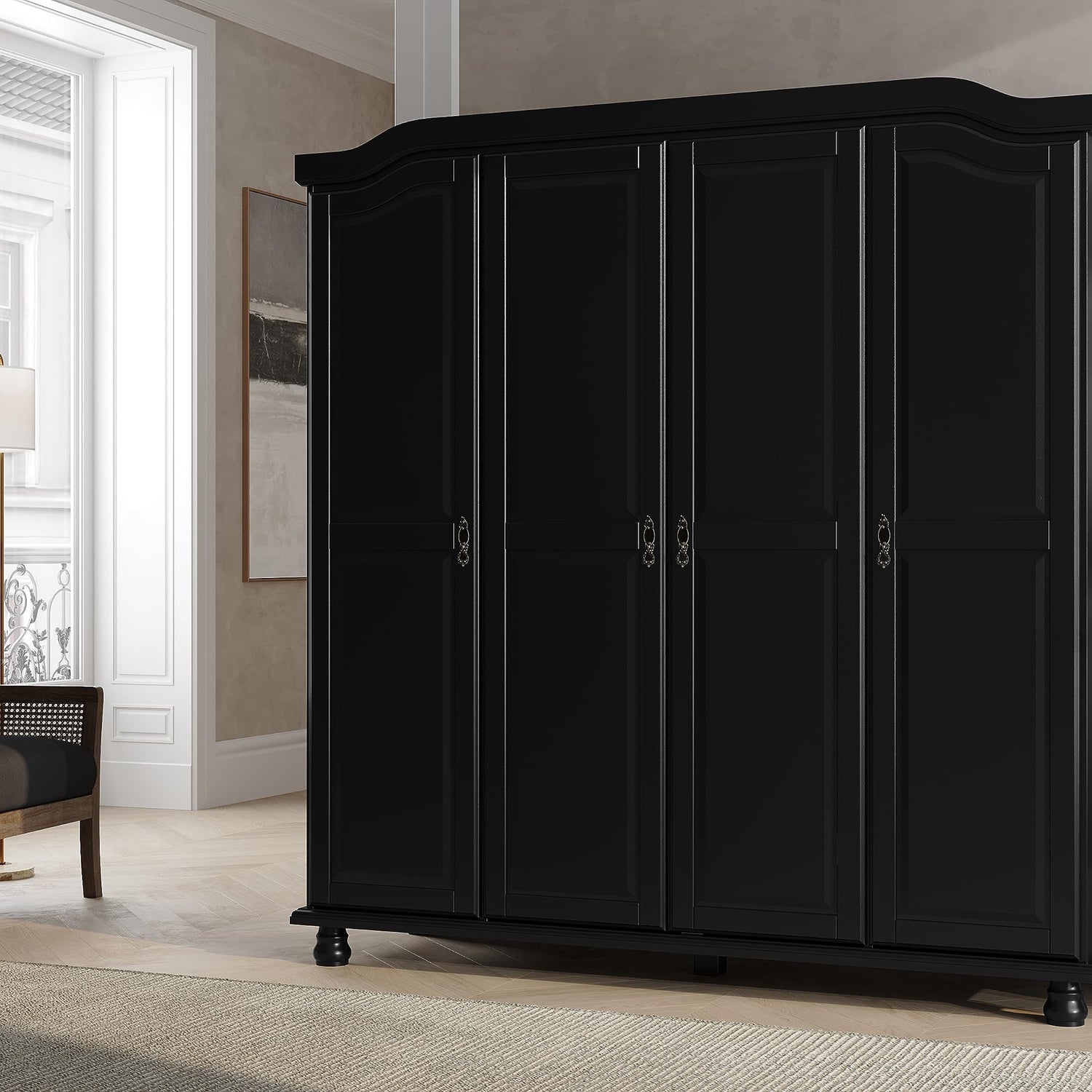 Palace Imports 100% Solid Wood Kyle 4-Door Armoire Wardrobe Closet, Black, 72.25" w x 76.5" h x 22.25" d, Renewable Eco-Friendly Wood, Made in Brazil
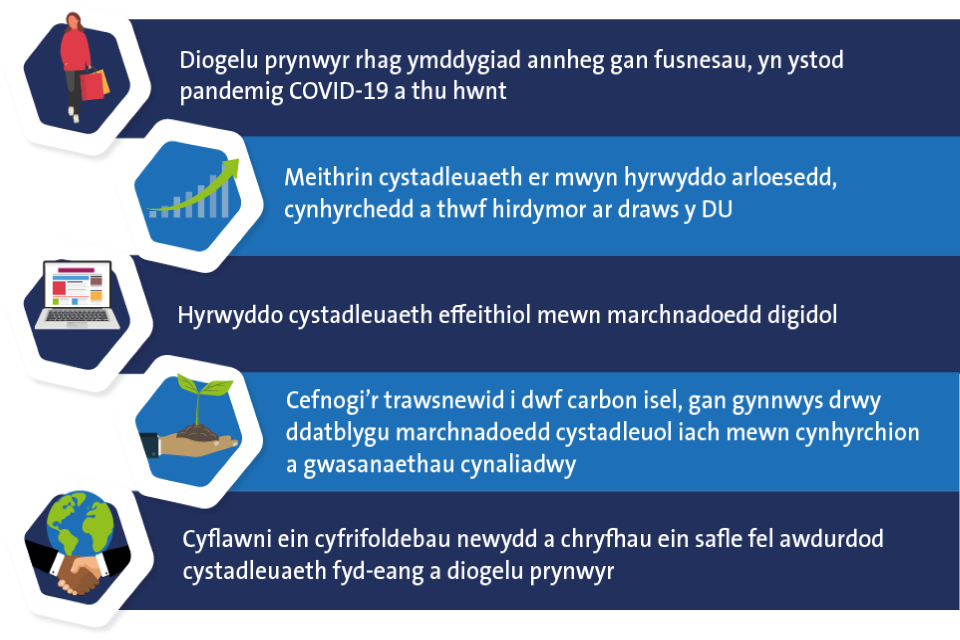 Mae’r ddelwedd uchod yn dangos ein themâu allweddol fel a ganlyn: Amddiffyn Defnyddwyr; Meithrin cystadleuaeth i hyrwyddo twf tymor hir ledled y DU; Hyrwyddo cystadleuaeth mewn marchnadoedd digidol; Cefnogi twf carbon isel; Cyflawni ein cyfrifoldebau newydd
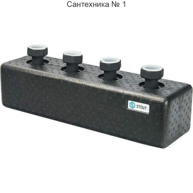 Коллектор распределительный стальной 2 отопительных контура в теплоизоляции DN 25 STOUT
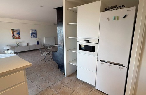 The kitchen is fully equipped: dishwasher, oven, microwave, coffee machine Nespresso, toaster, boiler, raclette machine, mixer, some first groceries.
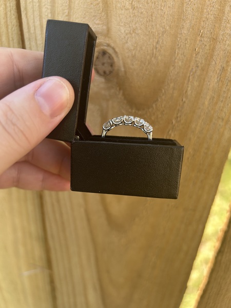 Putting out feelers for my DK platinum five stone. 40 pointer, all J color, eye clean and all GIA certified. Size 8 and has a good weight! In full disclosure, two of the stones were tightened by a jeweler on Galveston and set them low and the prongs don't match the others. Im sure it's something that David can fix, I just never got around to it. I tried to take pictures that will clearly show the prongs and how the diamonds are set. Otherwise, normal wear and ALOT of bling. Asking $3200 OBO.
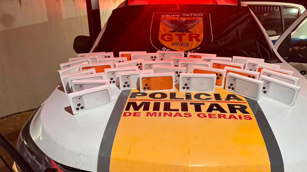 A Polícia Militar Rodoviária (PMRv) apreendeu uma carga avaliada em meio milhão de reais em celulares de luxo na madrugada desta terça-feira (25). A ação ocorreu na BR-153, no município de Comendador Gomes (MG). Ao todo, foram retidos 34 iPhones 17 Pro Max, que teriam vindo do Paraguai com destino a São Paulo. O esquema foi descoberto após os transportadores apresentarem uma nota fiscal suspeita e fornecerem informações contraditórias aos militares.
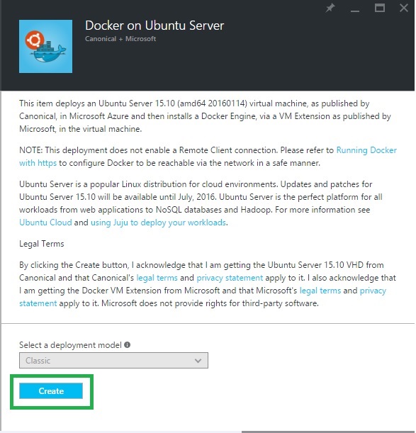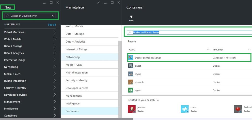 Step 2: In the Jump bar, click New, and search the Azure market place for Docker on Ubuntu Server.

++++

**What you are asked to do**
Write the lines out again exactly, beginning at the one containing "The kitchen is" and ending with the last line of the entries, but without any pictures.

**Solution**
 The kitchen is fully equipped: dishwasher, oven, microwave, coffee machine Nespresso, toaster, boiler, raclette machine, mixer, some first groceries.
 Putting out feelers for my DK platinum five stone. 40 pointer, all J color, eye clean and all GIA certified. Size 8 and has a good weight! In full disclosure, two of the stones were tightened by a jeweler on Galveston and set them low and the prongs don't match the others. Im sure it's something that David can fix, I just never got around to it. I tried to take pictures that will clearly show the prongs and how the diamonds are set. Otherwise, normal wear and ALOT of bling. Asking $3200 OBO.
 A Polícia Militar Rodoviária (PMRv) apreendeu uma carga avaliada em meio milhão de reais em celulares de luxo na madrugada desta terça-feira (25). A ação ocorreu na BR-153, no município de Comendador Gomes (MG). Ao todo, foram retidos 34 iPhones 17 Pro Max, que teriam vindo do Paraguai com destino a São Paulo. O esquema foi descoberto após os transportadores apresentarem uma nota fiscal suspeita e fornecerem informações contraditórias aos militares.
 Step 2: In the Jump bar, click New, and search the Azure market place for Docker on Ubuntu Server.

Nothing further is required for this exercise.